Peter K. Todd, MD, PhD: 2018 Winner, Derek Denny-Brown Young Neurological Scholar Award (Basic Science)


Q: What was your experience like presenting your work at the 2018 ANA Annual Meeting?

I had a very positive experience presenting at the ANA. Giving a talk in a plenary session to the leaders of academic neurology was an honor and I received valuable feedback on our work from multiple sources. 

Q: How has your research into neurodegenerative disease progressed since the 2018 ANA Annual Meeting?

We have continued to make significant progress on the mechanisms by which repeat expansions cause human disease. In the past 8 months we have identified new modifiers of repeat associated translation at repeats associated with ALS and with FXTAS and demonstrated that modulating these pathways can correct disease relevant phenotypes in multiple model systems. We have also made advances in understanding how cellular stress pathways interface with repeat biology in ways that I think are informative to the larger field of neurodegeneration.

Q: What else are you currently working on?

We have become quite interested in exploring both the native functions of nucleotide repeats in the genome and in identifying new repeat expansions associated with human disease. We still know so little about the broader “repeatome” and I feel as though this area of neurobiology will provide new insights into both neuronal function and neurological disease.

Q: Are you attending the 2019 Annual Meeting? If so, what are you looking forward to most?

Receiving the award and attending the ANA meeting let me know that the work we are doing on a set of relatively rare neurological disorders is of interest to the broader neurological community.

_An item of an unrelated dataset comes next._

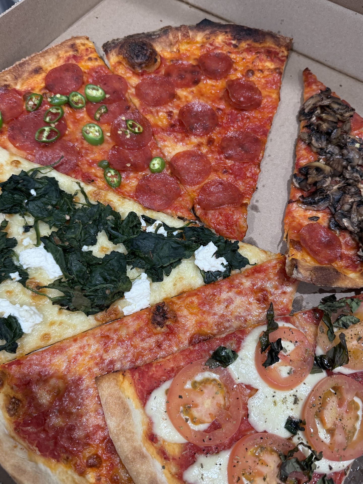 The pizza was light and airy towards the center got thicker as you went out, it was good in a artisan pizza category, flavor is debatable maybe Iāve killed my taste buds with the amount of vodka Iāve consumed in a lifetime, like it wasnāt bad, it was quite good. I just couldnāt find any flavor. Usually, you can taste some part of the cheese or some something. I was expecting like an explosion of flavor, especially when you have a video of yourself on the TV making the pizza cutting and serving it like your professional you probably are, but whoever fills in for you š, asked for the pepperoni and one of the veggie ones I ended up getting a cheese and the veggie one. Iām overly confused eating like there no solid hints or notes of anything in the pizza. Then again, maybe Iām just picky cause I got a good selection of cheese back in Wisconsin. Double cooking it was odd, I get your just warming it up but both my pieces were charred in quite a few places, like it looked cooked. Iām good with that. Give me what I pointed at. Just give me that it was my first time visiting. It will probably just be my last time because I donāt live here, but I definitely would revisit to see if the pizza varies by the chef...
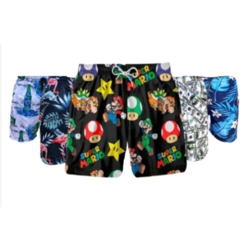 Kit 3 Bermuda Shorts Mauricinho Calção Moda Praia Piscina Masculino Tactel Surf Estampas Desenhos Animados Bebidas Florais Verão

Q: Why are opportunities like the Derek Denny-Brown Award important for early- and mid-career academic neurologists?

Receiving this award allowed me to meet many leaders in the field and to have them know what I work on. These networking connections have a lot of value, I think, in the relatively small world of academic neurology.

Q: How has the ANA been useful to you as an early- to mid-career academic neurologist?

The meeting offers an up-to-date take on cutting-edge activities in clinical, translational, and basic neurology research. I have also made new collaborations at the ANA in the past and have strengthened existing collaborations through interactions at the meeting which should aid our work going forward.

Thank you again to the ANA for the award in 2018 and I look forward to attending the meeting this coming year and being a member and regular attendee for years to come.